Paul Lintier

Le Mans, France

Le Mans, France

At last we have received orders to entrain. Our first taste of war has been a sort of flower-show. A crowd of women and grey-haired men were waiting for us under the trees on the other side of the avenue. Children, their tiny arms full of flowers, ran up to us; their mothers waved their hands and smiled. But how sad the smiles of these women were! Their swollen eyes told a tale of tears, and the lines lurking round their lips, despite their smiles, showed that another breakdown was not far off. The younger children — and quite tiny ones came toddling across the street — were obviously finding the day’s proceedings finer than a circus. They laughed and clapped their hands with dehght.

We passed the fag-end of the morning getting the limbers and wagons ready and furbishing up the harness. Twelve o’clock struck. As the hour of departure approached the tumult in the avenue calmed down, and the crowd waiting in the shade became gradually quiet.
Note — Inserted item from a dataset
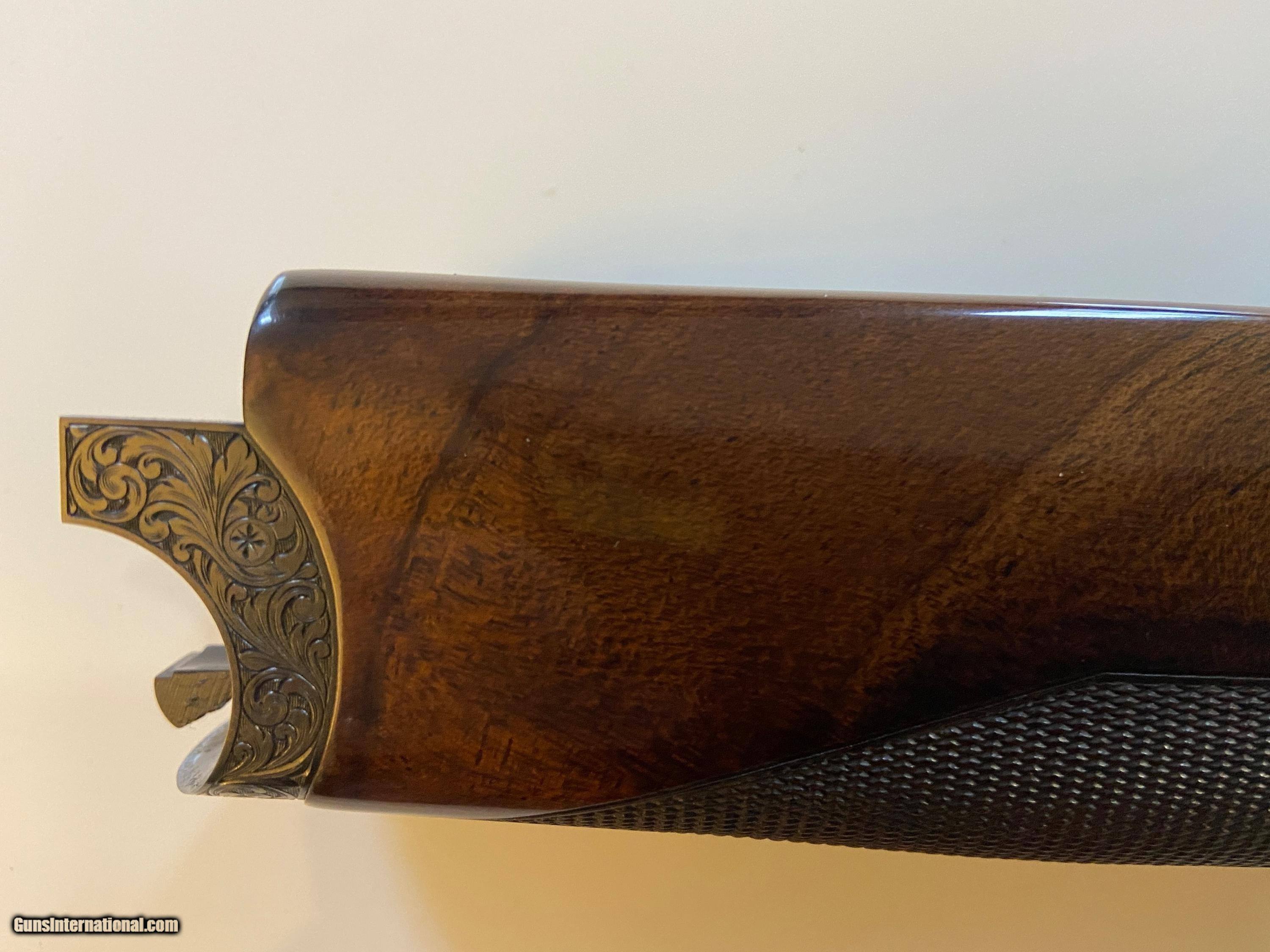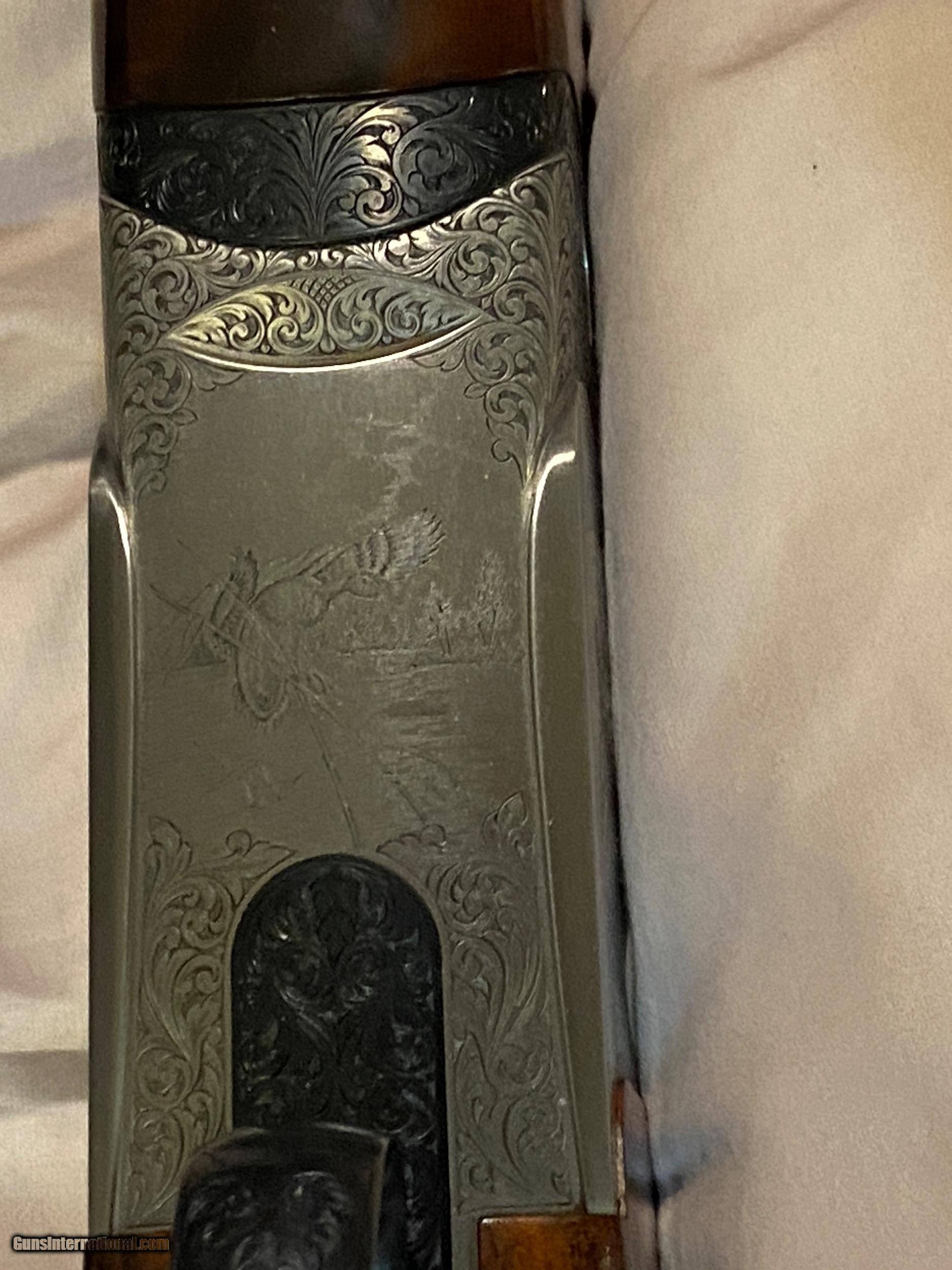 Description: Stunning SC3 MX8.1 owner bought new from Cabelas.It originally came with 30 inch,11x11 rib ,full and full for bunker trap.It had very plain wood for a SC3.I purchased new SC3 32 inch barrels and a factory Perazzi SCO stock set with Sporting clay dimentions 14 7/8 LOP with Kick EEZE pad.They both fit without any adjustment.Probably because all serial numbers are close.It has been a delight to own and shoot.Time is encroaching on me and 81/2lbs is a little heavy.Perazzi hard case with everything including new extra springs and a full set of Extreme chokes.The removable trigger is non selective.The gun has a low round count with the original springs.It has a few mior handling marks.The Bulino engraving is exquisite and is signed at the trigger guard.The SCO wood set is stunning with marble and lots of contrasting swirl.It is alot nicer than current stuff coming from Perazzi.Any questions?I can be reached at 704-975-1048.Thanks for looking.John SOLD |

There was almost complete silence when the Captain gave the order, in clear resonant tones:


Like an echo there rose from the crowd a loud hurrah, through which I nevertheless distinctly heard two heartrending sobs.

Never was there a brighter August day. The limber-boxes and gun-wheels, the straps and hooks of the harness — even the muzzles of the guns themselves — were festooned with flowers and ribbons, the bright hues of which were blended together in a harmony of colour against the iron-grey background of the guns.

This morning the Captain, Bernard de Brisoult, said to us :

“Take the flowers they offer you, and decorate your guns with them. They are the only send-off the women can give you. And, whatever you do, keep calm! Then they’ll be much braver when you go off.”

The streets, through which we proceeded at a walking pace, were gay with flags and bunting. The departure of the soldiers, many of whom would never return, was attended with a degree of composure and good order which was really admirable. The gunners, sitting motionless on the limber-boxes or walking beside the horses, smiled and laughed merrily as the women by the wayside waved them farewell. We felt moved, of course, but it was rather the emotion of the crowd in the street which affected us than any feeling born in our inner selves.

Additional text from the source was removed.